Three commercially available Fortimedix (KAON stents), Dutch, X-ray high density, non-fluorescent coronary stents made of stainless steel 316 L were coated with a carbon-carbon composite coating according to DE 202004009060U. . As a precursor polymer, Beckopox EP 401 from UCB, a phenoxy resin, was used, and the dispersion was prepared in methylethylketone with a commercially available mixture of carbon black, Printex alpha from Degussa, and C60 and C70 from FCC sold as Nanom-Mix. Prepared. The solids content of the polymer was 0.5% by weight, the solids content of carbon black was 0.3% by weight, the solids content of the fullerene mixture was 0.2% by weight, and the solids content of the solvent was 99% by weight. The precursor solution was sprayed onto the substrate as a polymer film, weighed using 350 ° C. hot air in the atmosphere, and subsequently the weight of the polymer film was determined as it was, and the coating yielded a surface area weight of about 2.5 g / m ² . Had The original fluorescence of the sample was then tested using a Nikon fluorescence microscope. The coating itself was not fluorescent. The sample was then heat treated in a commercial tube reactor according to DE 202004009060U. The heat treatment was carried out under a nitrogen atmosphere at a holding temperature of 300 ° C. and a holding time of 30 minutes with a heating and cooling ramp of 1.3 K / min. Subsequently, the samples were treated with 10 ml ultrasonic bath of 50% ethanol solution at 30 ° C. for 20 minutes, washed, and then dried at 90 ° C. with a commercial hot air oven. Gravimetric analysis indicates that the shrinkage after the heat treatment is about 30% and the surface area weight of the glass-like amorphous carbon / pyrrolid carbon composite coating is 1.75 g / m ² . Scanning electron microscopy shows an average porosity of 1 μm. Fluorescence microscopy indicates that the coating is fluorescence free.

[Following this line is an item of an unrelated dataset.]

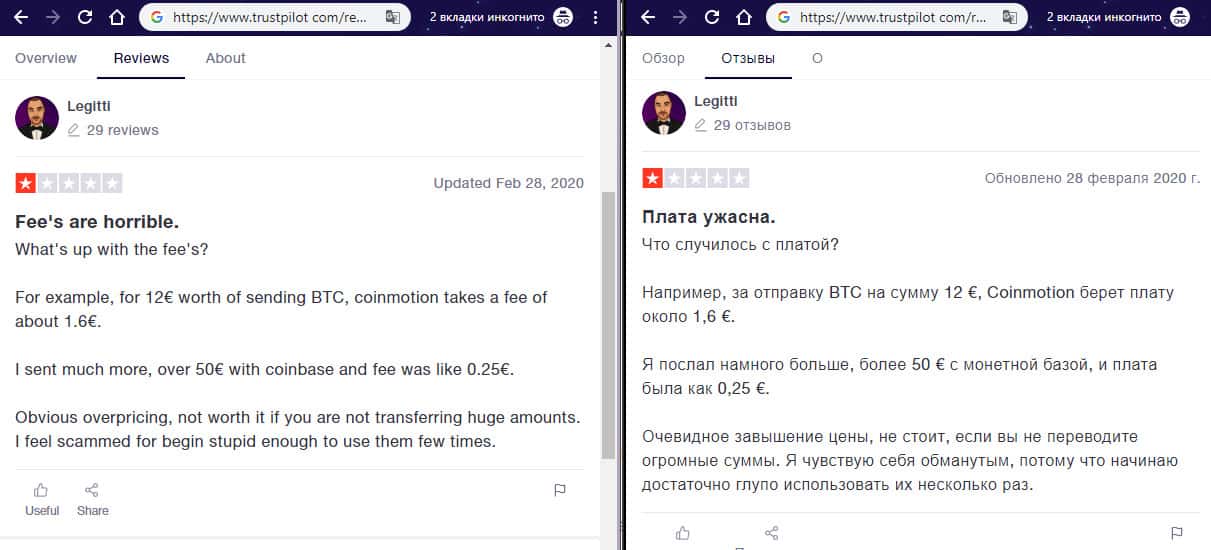 На изображении, расположенном ниже, вы можете наглядно увидеть и прочесть реальный негативный отзыв в сторону мошенников CoinMotion с веб-сайта трастпилот ком, который связан непосредственно с тем, что шулера Коин Мотион попросту завышают процент от сделки без ведома пользователя, тем самым нагло воруя у клиентуры их деньги.

For the addition of the active agent, first, 1 mM calcein-AM-solution was diluted 1: 1000 with acetone in Mobitec's DMSO, and 0.5 mg of the calcein solution was added to 20 mg of poly (DL-lactide coglycolide). And 2 ml of paclitaxel in 3 ml of acetone. To the resulting solution was added 0.1% poloxamer 188 (Pluronic F68) solution at a constant flow rate of 10 ml / min in 0.05 M PBS buffer with 400 rpm stirring, and the colloidal suspension was evaporated completely It was further stirred for 3 hours under light vacuum to dry and then completely dried for 14 hours under full vacuum. The solids content of the particles, including the encapsulated paclitaxel and the solution obtained by resuspending the nanoparticles obtained with in vivo fluorescent markers in ethanol, was measured. The three coronary stents were placed with the particles by dipping and the injected weight was measured by gravimetric measurement. The average load of hot air oven dried coronary stents is 0.5 g / m ² ± 0.05. The expanded stent was then transferred to 6 well-plates and then cultured 3 times COS-7 cells (37.5 ° C., 5% C0 ₂ ) at 5 ml culture volume in DMEM medium to about 10 ⁵ cells / ml. Incubated. In each case immediately after expansion after 1, 3, 6, 12, 24, 36 and 2, 3, 4, 5, 7, 9, 12, 15, 21 and 30 days, the amount released was measured by HPLC, Each of the above media was replaced. In addition, the samples were examined under a fluorescence microscope and the adherent cells showed fluorescence in the green region. In each case the area of 0.5 μm ² was measured by Nikon's Lucia software by densitometry of average color intensity of fluorescence intensity. The densitometry peak was observed after 30 days, and fluorescence intensity values associated with the release of calcein-AM were measured in percentile over time.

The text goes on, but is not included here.